- **PROVIDED RECORDS**:
-*-*-
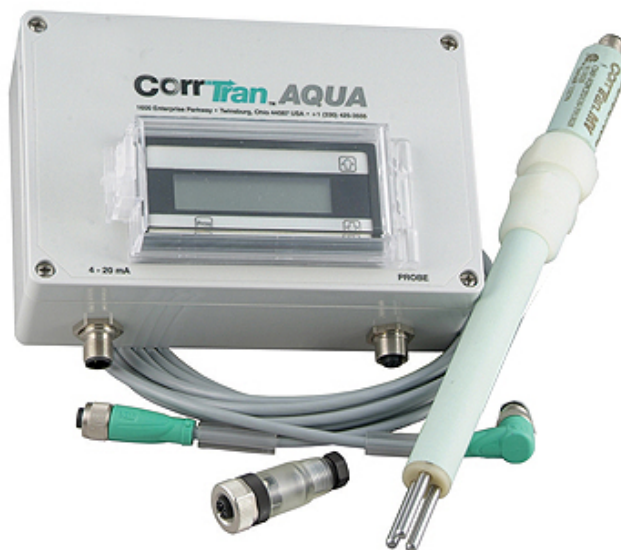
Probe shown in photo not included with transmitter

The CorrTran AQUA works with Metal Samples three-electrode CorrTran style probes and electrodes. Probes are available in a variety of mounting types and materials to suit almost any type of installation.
-*-*-
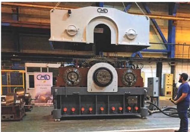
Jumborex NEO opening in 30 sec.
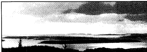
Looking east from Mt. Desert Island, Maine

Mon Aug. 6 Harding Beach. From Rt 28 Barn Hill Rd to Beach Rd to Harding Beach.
-*-*-
- **YOUR INSTRUCTIONS**: Would you copy out exactly the lines above that start at the one containing "Probe shown in" and end at the one containing "The CorrTran AQUA", inclusive?

- **WRITTEN SOLUTION**:
Probe shown in photo not included with transmitter

The CorrTran AQUA works with Metal Samples three-electrode CorrTran style probes and electrodes. Probes are available in a variety of mounting types and materials to suit almost any type of installation.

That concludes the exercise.